Caution: a re-reading of the Pioneer Anomaly is in order before you start
assuming things in microgravity move because of new physics ...

------
PaulHoule
This is one of these things which is just a few percent less crazy than it
sounds.

The issue is that special relativity isn't quite compatible with quantum
gravity, see

[http://en.wikipedia.org/wiki/Doubly_special_relativity](http://en.wikipedia.org/wiki/Doubly_special_relativity)

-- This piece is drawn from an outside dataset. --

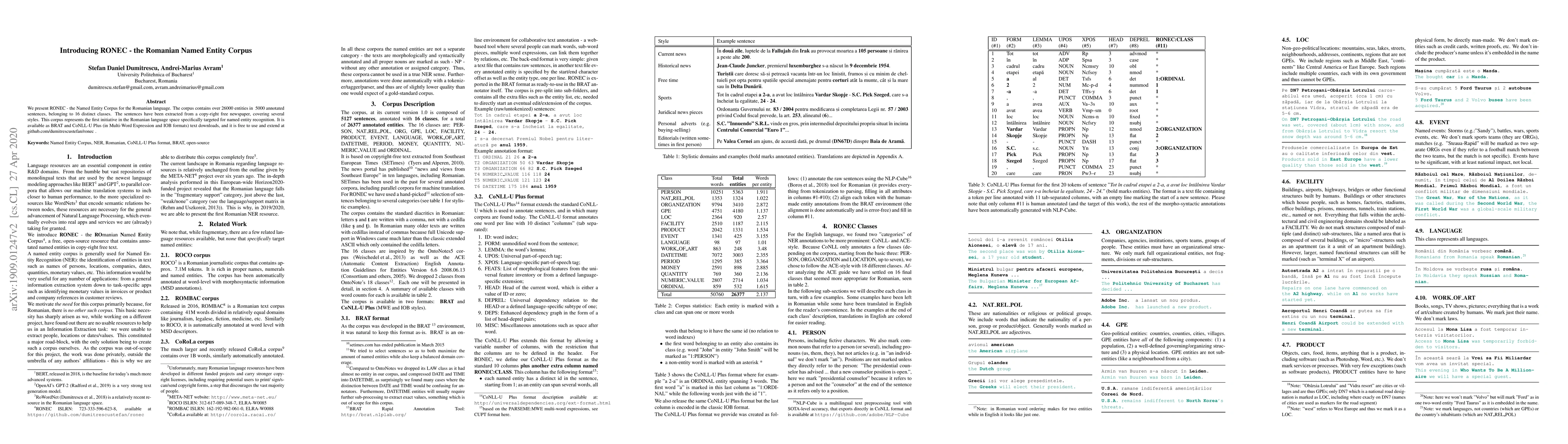 RONEC is a Romanian Named Entity Corpus containing over 26,000 entities in 5,000 annotated sentences, categorized into 16 classes, aimed at named entity recognition. It is freely available and extendable on GitHub.

What it comes down to is that quantum gravity has a length scale and a time
scale, both of which are unthinkably tiny. However, special relativity says
there is nothing special about any particular space or time interval because
if somebody was going fast enough, an interval that looks like a planck
interval to most people could get expanded or shrunk to something big like a
kilometer or an hour.

But following that line of reasoning is problematic if there is no special
reference frame, since for all I know I already am going incredibly fast
relative to some imaginary observer.

Doubly-special relativity manages to preserve the invariance of the speed of
light under ordinary conditions but also preserve the invariance of plankian
quantities under extreme conditions. Related theories also bring in the idea
of a special reference frame which means you might be able to "push" against
the vacuum.

The main trouble jiving that with these experiments is that the energy scale
at which DSS effects come into play is huge, way out in grand unification
country, so it's hard to believe it could be probed by these experiments.

------
nsxwolf
I've always thought it was unfair that this is impossible. It's not like
you're getting something for nothing - you are still required to expend
energy. So why does the universe have to be such a dick about converting
electricity directly into motion?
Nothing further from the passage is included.